Nationally and worldwide, there is a massive research push to develop nanotechnology, allowing the creation of electronic circuits and devices fabricated from single atoms and molecules. EUV light will be a key component for the creation of nanoscale technologies. "Extreme-ultraviolet wavelengths correspond to the scale relevant to nanotechnology," said David Attwood, director of UC Berkeley's Center for X-Ray Optics and associate director of the ERC. "For the nation to make rapid progress in this competitive field, a wide variety of techniques are needed to make it possible to see small objects, to manipulate, and to manufacture them."

Enabling technology

Extreme-ultraviolet technology is positioned to become the critical enabling technology of the near future, and the NSF ERC in EUV is positioned as a leader to drive this technology. Extreme-ultraviolet technology is expected to be the prime candidate for creating advanced integrated circuits, with high-volume production beginning in 2007. By 2009, six major technology companies, including IBM, Motorola, and Intel, plan to produce computer technologies using EUV radiation with chips based on 16-nm features that will have speeds of 20 GHz, about ten times faster than current technologies.

"We will develop two types of EUV laser sources and applications as part of the center—one based on capillary-discharge plasmas as a laser medium to create an actual EUV laser, and the other based on frequency upconversion of a femtosecond laser in a gas, that upconverts a laser beam in the near-infrared region of the spectrum into the EUV," said Murnane. "Both sources are tabletop sources that have been shown to generate spatially coherent EUV beams with different characteristics that are suitable for a wide variety of applications."
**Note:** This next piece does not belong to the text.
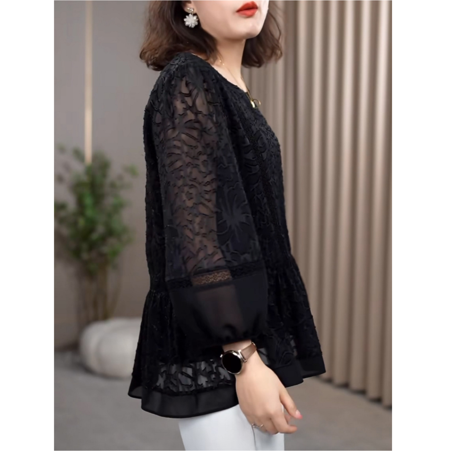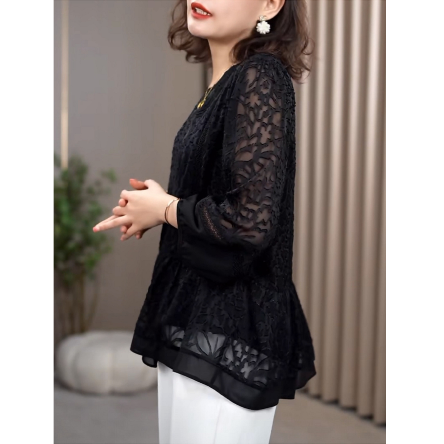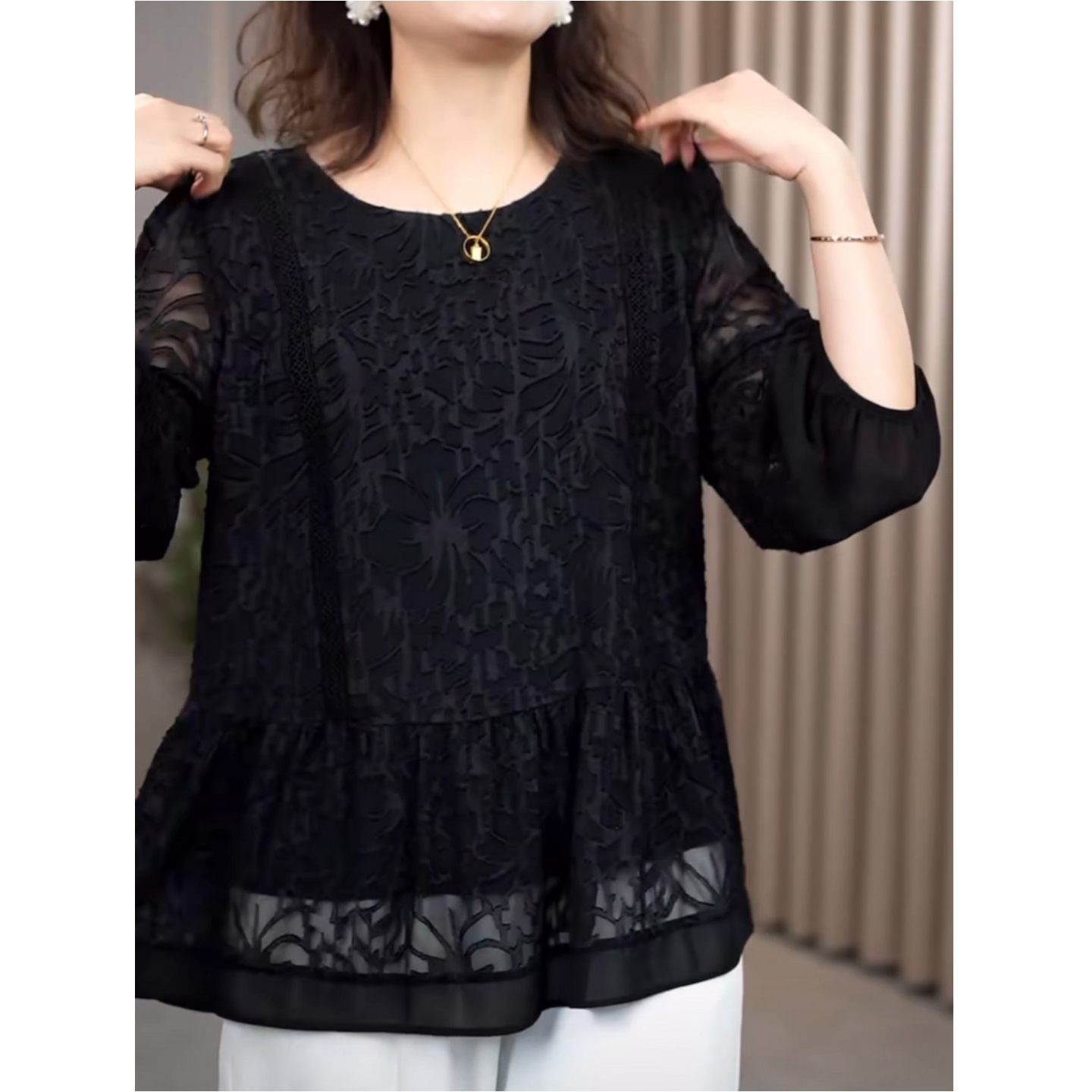 2026早春新款高端蕾丝拼接黑色九分袖上衣灯笼袖洋气百搭显瘦小衫

One long-term goal of the ERC is to create biological soft-x-ray microscopes that can image minute details of individual living cells. Other opportunities are expected to emerge from the possibility of focusing EUV radiation to unprecedented small spot sizes, short pulse durations, and extremely high intensities. These advances should open up new areas of investigation including surface studies, chemical and materials dynamics studies, EUV nonlinear optics, and biological studies.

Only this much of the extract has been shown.